There's only so much that can be derived out of development camp's first couple days' worth of drills, but from the jump, Bonk looked like a very well-controlled and methodical skater.
On odd-man rush drills, he held to tight gaps and got his stick and his body in the way of lanes to force the puck carrier into a predictable decision for the goalie to handle. He seemed hyperaware of where the puck was and where it was about to go, how to use his feet and 6'2" frame to take it away – or at the very least steer it out of trouble – and then where to send it upon retrieval to get it moving the other way.
When the puck's coming down his team's way, Bonk has a game plan for it. The next steps now will be in processing that plan quicker so it can survive at the pro level.
"Watching him play this year, I think just his ability to go back and bring pucks out, he's a big strong kid," Nick Schultz, the former Flyers defenseman turned assistant director of player development, said. "He reads the forecheck well, and breaks pucks out well. He's confident with players on his back, moving pucks, getting up ice. Obviously, we'll continue to work – the biggest thing for players to transition to the next level is the speed at any level you transition to, so that'll be the biggest thing is just continue to work on his on his speed – his foot speed – and getting up ice the way the Flyers play here."

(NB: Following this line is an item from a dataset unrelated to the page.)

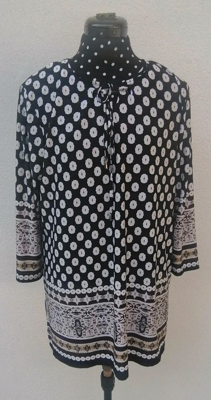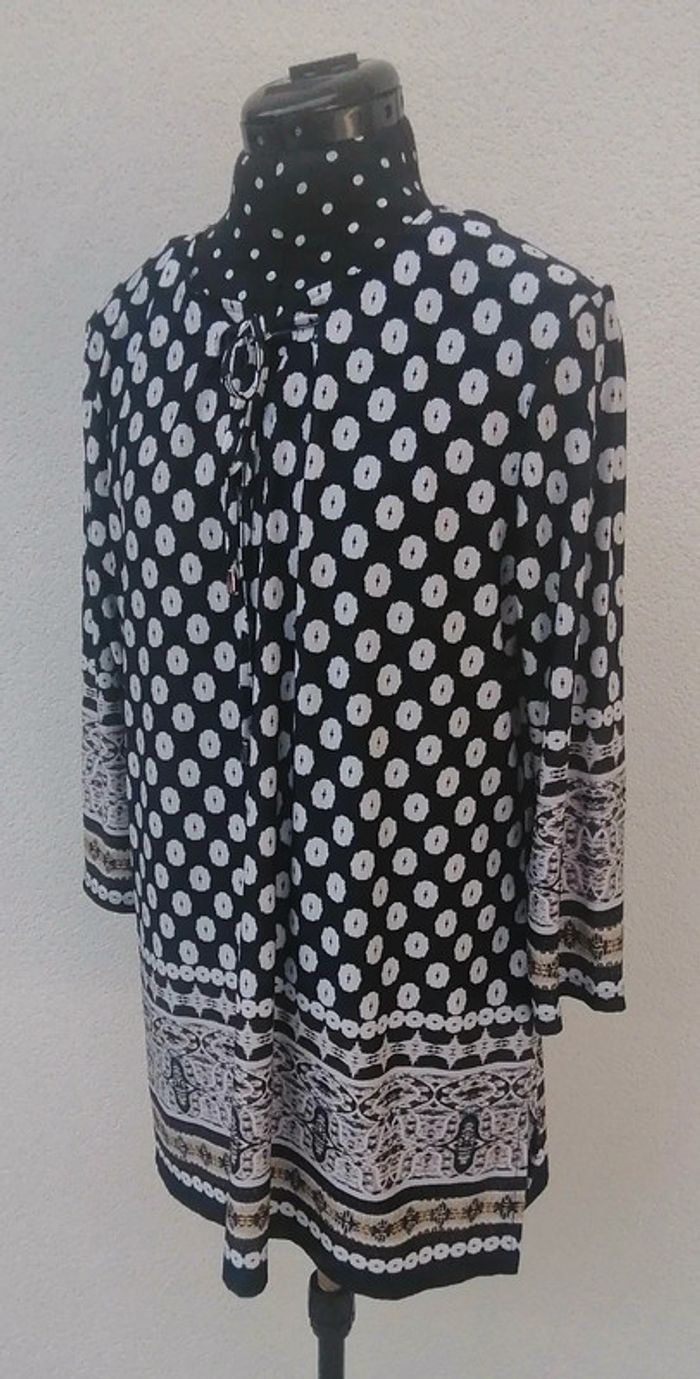 Tunique fluide légère ethnique marine blanc jaune Taille L - photo numéro 5

And then maybe finding a way to bring his recently-discovered power-play prowess over, too.
One of the biggest revelations in Bonk's play this season was the Knights' unorthodox move to throw him, as a defenseman, down into the bumper spot right in front of the net on the power play.
It was definitely out-of-the-box, but effective, because his offensive production took off for a Knight's team that just steamrolled through the rest of the OHL.

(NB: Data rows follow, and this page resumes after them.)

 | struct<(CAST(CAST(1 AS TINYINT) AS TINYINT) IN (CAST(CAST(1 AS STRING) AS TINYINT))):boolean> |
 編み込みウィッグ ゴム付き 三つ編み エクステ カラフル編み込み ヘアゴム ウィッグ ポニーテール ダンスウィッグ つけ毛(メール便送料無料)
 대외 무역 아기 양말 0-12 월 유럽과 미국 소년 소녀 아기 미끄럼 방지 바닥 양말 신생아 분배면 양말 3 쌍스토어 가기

Bonk scored 24 goals and 67 points in total this past season, and of those 24 goals, 15 of them came on the power play – plus another six goals on the man advantage in the playoffs out of his seven in total for the run.
"Bumper Bonk" quickly became a sensation in London, and between seeing that and how the Flyers' power play was flailing for any kind of answer up in the NHL this year, how can that eventually be brought over to Philadelphia?
"We'll talk to Rocky about that when that time comes," Armstrong cracked, referring to Flyers' assistant coach Rocky Thompson, who oversees the team's power play.
"But I definitely think once he takes strides to come up here...that's where he knows 'I'm just gonna break pucks out. I know how to play my game. I'm going to shut down the other team's top players and kind of let the forwards do their thing,'" Amrstong said. "I think the one thing he is really good at though is jumping up into the play. He understands when to go, so I think he's going to be able to create his own opportunities once the five-on-five game starts [on Saturday night]."
Which Bonk plans to work and make set up for more later down the line starting with training camp in September, even if it all will likely take more time in juniors first – a path that his father, Radek, a former NHL pro of 14 years, has been reinforcing will turn out all right.
"Yeah, he just said kinda the same thing: 'You're probably gonna go back. That's fine. London's a great place,'" Bonk recalled. "But you gotta put in your head that you don't want to be back. You want to be here with the big guys."